Brief. The reply should contain the full listing exactly as written and no pictures at all.

Recorded information.
----------

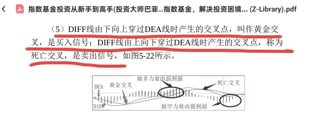 1.精读《指数基金从新手到高手》,总算把金叉、死叉讲得明明白白,帮我打通了任督二脉。MACD 的金叉(买入信号)是短期均线(DIF)上穿长期均线(DEA),死叉(卖出信
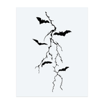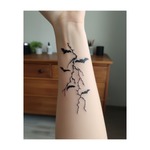 Un tatouage audacieux en noir et blanc représentant des chauves-souris jaillissant de fissures comme des éclairs. Il raconte l'histoire de la libération des ténèbres, mêlant mystère, puissance nocturne et une touche de style gothique.
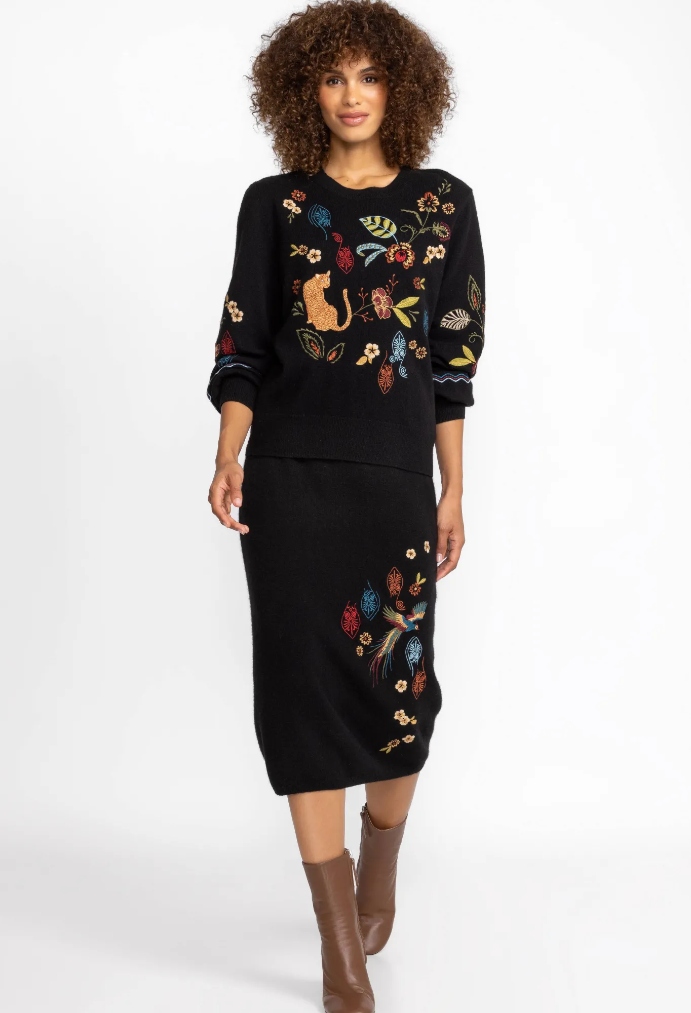 Meticulously Fashioned From A Luxurious Blend Of Wool And Cashmere, The Isabella Sweater Top Introduces A Striking Burst Of Vibrant Color To The Timeless Black Pullover. This Cozy Round-Neck Sweater Boasts Playful Placement Embroidery That Adds An Enchanting Touch. Elevate Your Style By Pairing It With The Isabella Sweater Skirt For A Seamlessly Coordinated Ensemble.

----------

Response area.
 1.精读《指数基金从新手到高手》,总算把金叉、死叉讲得明明白白,帮我打通了任督二脉。MACD 的金叉(买入信号)是短期均线(DIF)上穿长期均线(DEA),死叉(卖出信
 Un tatouage audacieux en noir et blanc représentant des chauves-souris jaillissant de fissures comme des éclairs. Il raconte l'histoire de la libération des ténèbres, mêlant mystère, puissance nocturne et une touche de style gothique.
 Meticulously Fashioned From A Luxurious Blend Of Wool And Cashmere, The Isabella Sweater Top Introduces A Striking Burst Of Vibrant Color To The Timeless Black Pullover. This Cozy Round-Neck Sweater Boasts Playful Placement Embroidery That Adds An Enchanting Touch. Elevate Your Style By Pairing It With The Isabella Sweater Skirt For A Seamlessly Coordinated Ensemble.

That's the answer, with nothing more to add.